Lies, Damn Lies, and Next Gen Stats

This commercial showing an exciting play where Christian McCaffery scores a touchdown has been out for some time now. In it McCaffery discusses how it was improbable (14.2% of the time or about 1/7) that a touchdown would be scored with four defenders at a given distance away (3.0, 3.3, 7.5, and 8.3 yards away). Due to the magic of “Next Gen Stats”, this play becomes a statistical anomaly. Let’s analyze this claim and see if it tells us the outcome of this play is remarkable, from a statistical point of view.

We can stipulate that for a play starting at about the 5 yard line, when there are four  unblocked defenders within 8.3 yards of the runner, it is unlikely that a touchdown will be scored. I would conjecture, however, that a large majority of the time those defenders would be in front of the runner.  Indeed, it might be that only 15% of the time that none of the four closest defenders are in front of the runner. In that case, the touchdown probability for the way this play initially unfolded could be  94.7%  (that is, 14.2/15=0.9466…), if all of the touchdowns occurred when no defenders were in front of the runner.

An experienced football fan would look at the stills above and would bet it is more likely than not for the runner to score (even if it was clear there was a defensive back right at the goal line). This is because there is still a lot of room to the sideline and the bad angle the defender is taking. It seems like the worst possible outcome is that a tackle is made at the 2 or 3 yard line.

The fact that there are four players at the given distances does not tell us very much about the play. Indeed, it seems like two of those defenders aren’t really even running at this point.  What is important, and not quantified here (possibly because it is much harder), is that none of the defenders are in the path of the runner and that the nearest defender is on the goal line.

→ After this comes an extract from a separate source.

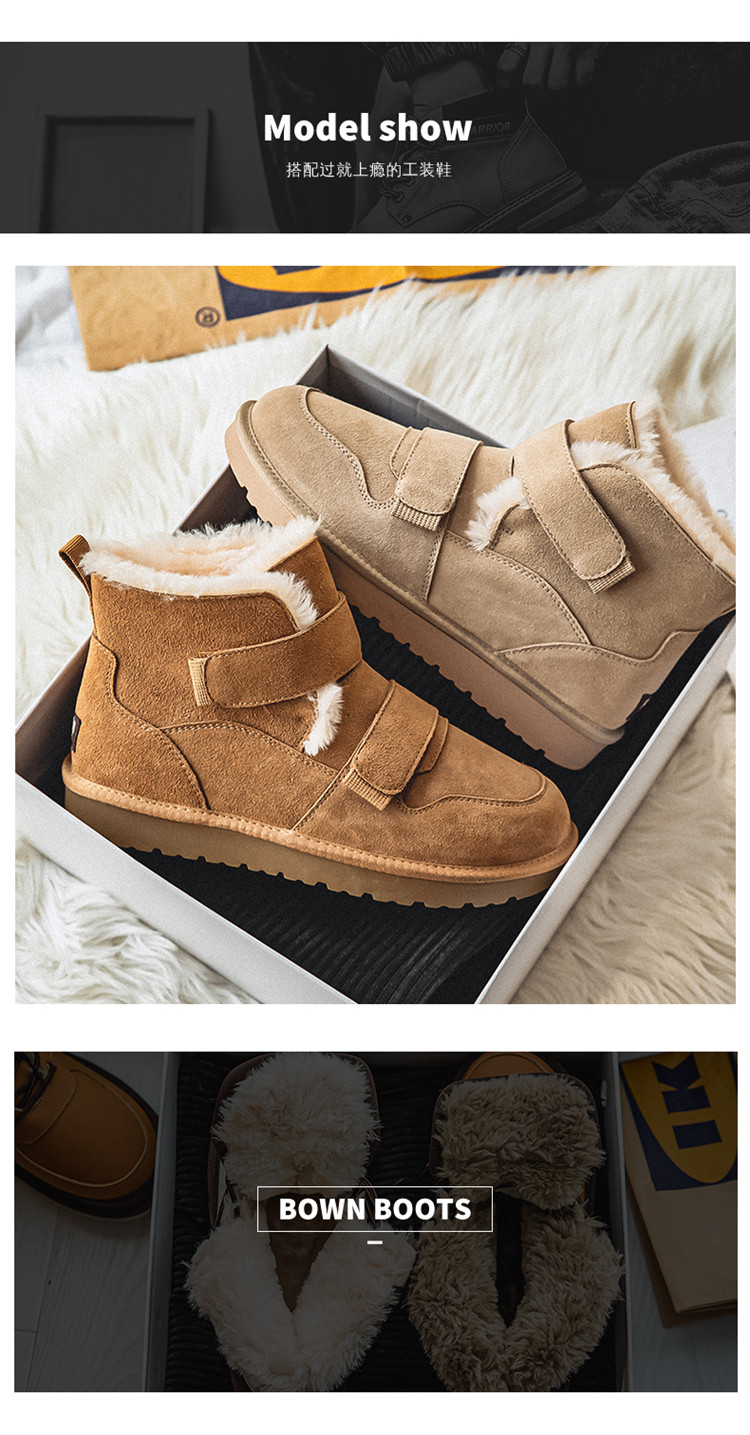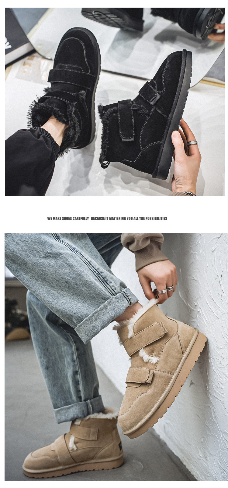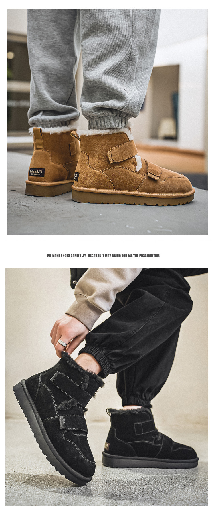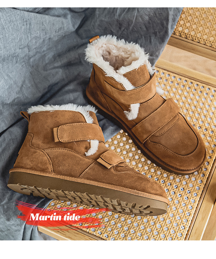Men's Winter Snow Boots with Plush Lining, Thickened Cotton Shoes for Women, Warm Couple Style Loafers, Genuine Leather Cold-Resistant Cotton Boots

This is an example of using the data at hand to make a decision that doesn’t really have any insight.  Looking at the available data, we can infer that yes, if there are that many unblocked players, that close to a runner, it is unlikely he will score.  Of course, most of those plays will be cases where the runner is swarmed in the backfield by defenders that surround him from the start of the play. However, once we have a bit more information, like that none of those defenders stand between the runner and the end zone, it becomes much more likely to score a touchdown. The eye test would tell you that the probability is much better than the roughly 1 in 7 chance this play has a score a touchdown.